(Stored items)
== Segment start ==

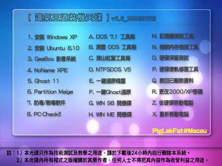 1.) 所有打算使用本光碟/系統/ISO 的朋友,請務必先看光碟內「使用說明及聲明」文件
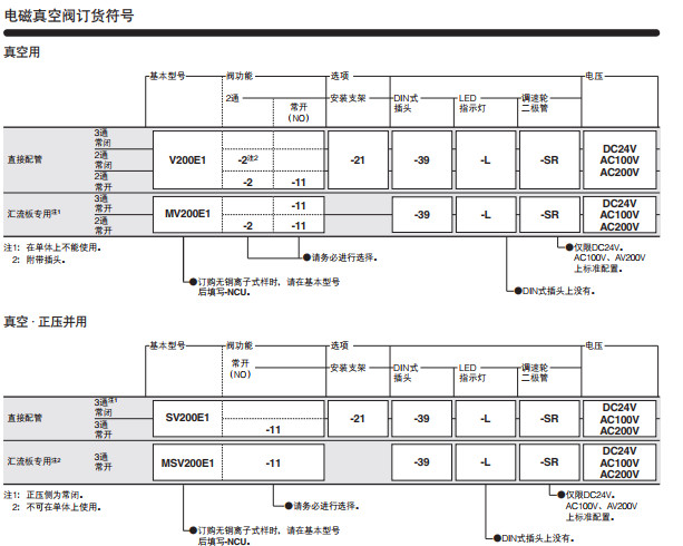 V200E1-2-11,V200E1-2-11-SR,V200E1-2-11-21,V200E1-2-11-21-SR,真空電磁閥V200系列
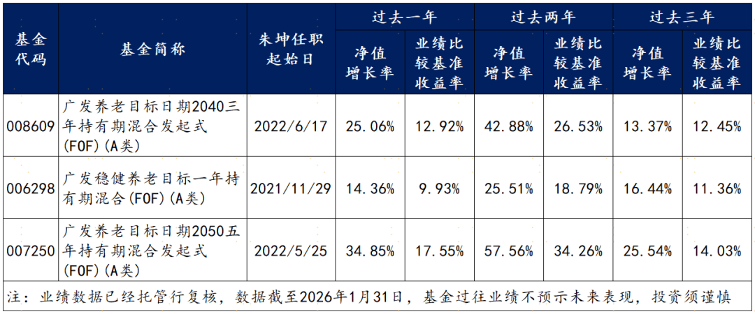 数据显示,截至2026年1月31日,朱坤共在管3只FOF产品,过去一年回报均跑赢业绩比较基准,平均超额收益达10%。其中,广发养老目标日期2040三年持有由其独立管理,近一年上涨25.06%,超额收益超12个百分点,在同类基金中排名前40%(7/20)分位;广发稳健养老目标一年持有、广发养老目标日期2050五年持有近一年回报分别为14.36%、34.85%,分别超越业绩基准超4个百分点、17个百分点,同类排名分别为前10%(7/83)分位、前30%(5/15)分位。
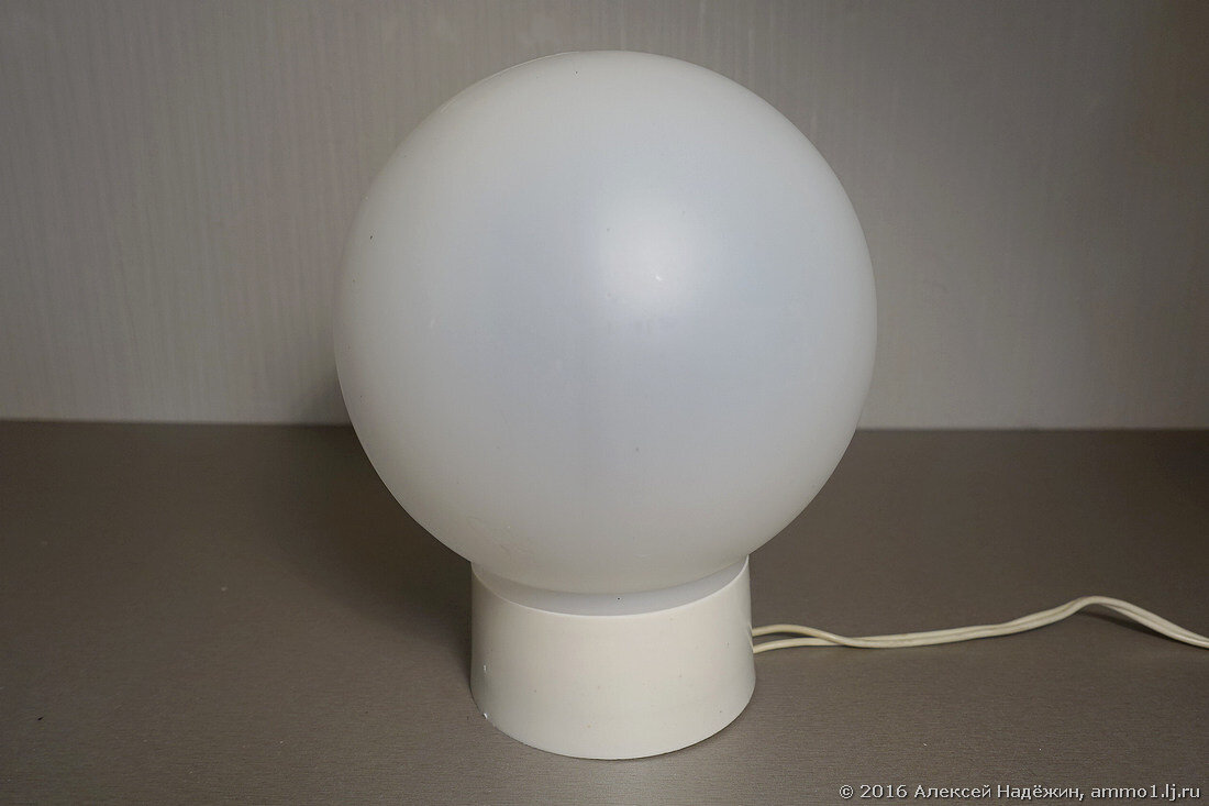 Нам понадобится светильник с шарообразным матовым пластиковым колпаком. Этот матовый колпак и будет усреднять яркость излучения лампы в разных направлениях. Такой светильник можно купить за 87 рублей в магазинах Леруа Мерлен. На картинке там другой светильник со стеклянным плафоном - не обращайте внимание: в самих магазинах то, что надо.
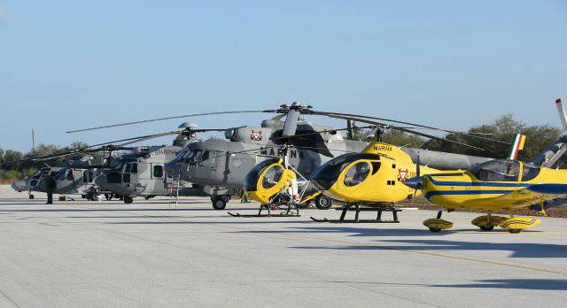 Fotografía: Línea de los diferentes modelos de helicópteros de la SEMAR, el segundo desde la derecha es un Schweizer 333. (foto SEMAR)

== Segment end ==

# Task
Once the pictures are removed, reproduce the remaining entries above exactly.

# Written answer
 1.) 所有打算使用本光碟/系統/ISO 的朋友,請務必先看光碟內「使用說明及聲明」文件
 V200E1-2-11,V200E1-2-11-SR,V200E1-2-11-21,V200E1-2-11-21-SR,真空電磁閥V200系列
 数据显示,截至2026年1月31日,朱坤共在管3只FOF产品,过去一年回报均跑赢业绩比较基准,平均超额收益达10%。其中,广发养老目标日期2040三年持有由其独立管理,近一年上涨25.06%,超额收益超12个百分点,在同类基金中排名前40%(7/20)分位;广发稳健养老目标一年持有、广发养老目标日期2050五年持有近一年回报分别为14.36%、34.85%,分别超越业绩基准超4个百分点、17个百分点,同类排名分别为前10%(7/83)分位、前30%(5/15)分位。
 Нам понадобится светильник с шарообразным матовым пластиковым колпаком. Этот матовый колпак и будет усреднять яркость излучения лампы в разных направлениях. Такой светильник можно купить за 87 рублей в магазинах Леруа Мерлен. На картинке там другой светильник со стеклянным плафоном - не обращайте внимание: в самих магазинах то, что надо.
 Fotografía: Línea de los diferentes modelos de helicópteros de la SEMAR, el segundo desde la derecha es un Schweizer 333. (foto SEMAR)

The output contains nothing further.